2013年08月10日

夫婦間の貞操義務

以下は、夫婦間の貞操義務について、これから裁判所に提出する準備書面の一部です。多数のご意見をお願いします。
1. 「原告が平成6年ごろから更年期障害を患い,性交渉を厭う(ママ)ようになったことをもって夫婦関係の破綻を主張し,性的満足を得るために行なった自らの不貞行為を正当化するもの」とか「被告自身の身勝手振りを披瀝し」などと人格非難をしている。しかし,この原告の主張・被告に対する非難は,許し難いものである。

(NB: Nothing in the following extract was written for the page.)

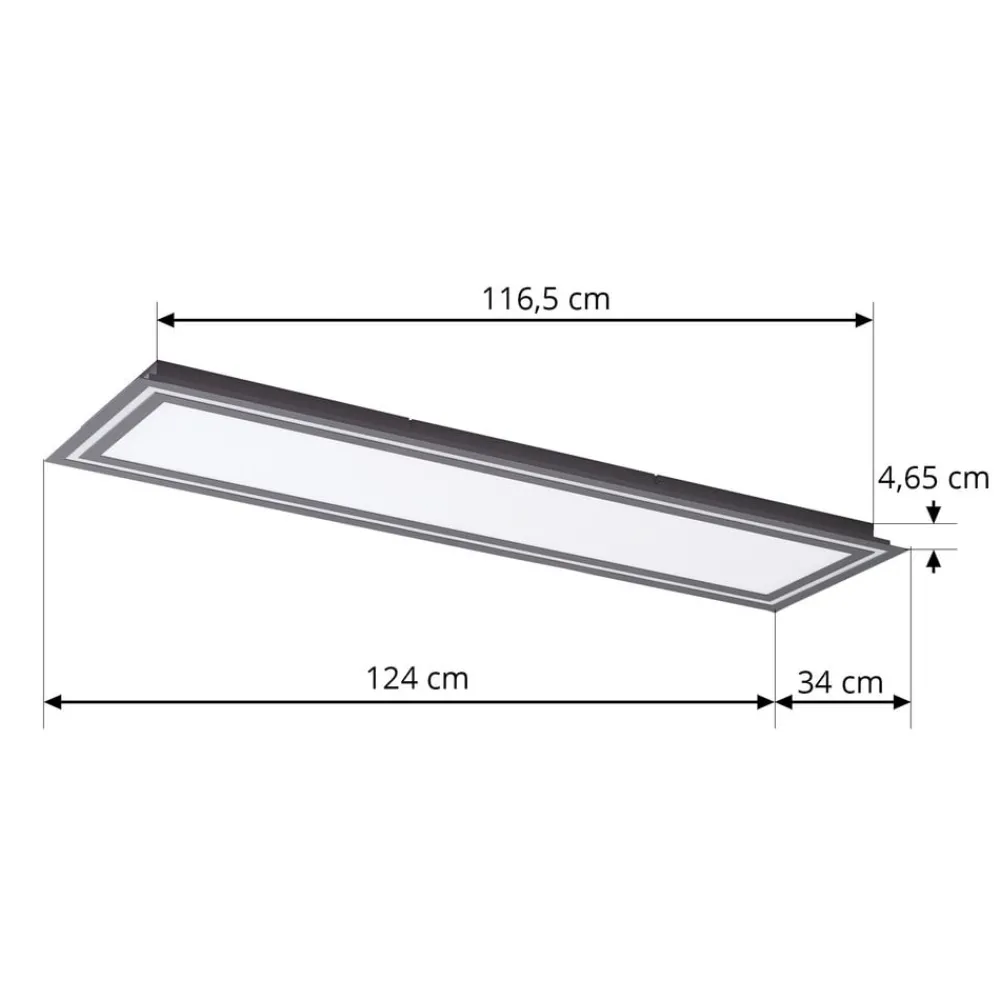 Rektangulær taklampe Leicy med CCT- og RGB-funksjon Denne vakkert designede taklampen vil lyse opp interiøret ditt. Taklampen kan enkelt slås av og på ved hjelp av en fjernkontroll, og du kan justere lysstyrken etter eget ønske ved hjelp av en fjernkontroll. Den har en fargeskiftefunksjon som gjør at du kan justere lysfargen etter dine behov. Det enestående utseendet gir mange bruks- og kombinasjonsmuligheter og kan enkelt integreres i rommene dine. Den svarte lampen er en del av Lucande-merkets kvalitet og imponerer med sin smakfulle design og unike følelse. Den skaper en herlig atmosfære og er spesielt effektiv i ditt område. Takket være sitt enestående utseende harmonerer lampen med nesten ethvert interiør og skaper en god atmosfære. La ditt oppholdsrom stråle i ny prakt – inkl. fjernkontroll – RGB-funksjon – CCT-funksjon (2 700 K – 6 500 K)

2. そもそも夫婦が男女で構成される最大の目的は,自らの子孫を残すための性的関係とその満足を得るためであり,これは人類普遍の原理である。この様なことは,公開の法定で延々と述べるべきものではないが,人類誕生以来,生物の存在自体に由来する根源的なものであり,原告代理人がこれを否定することは,できないはずである。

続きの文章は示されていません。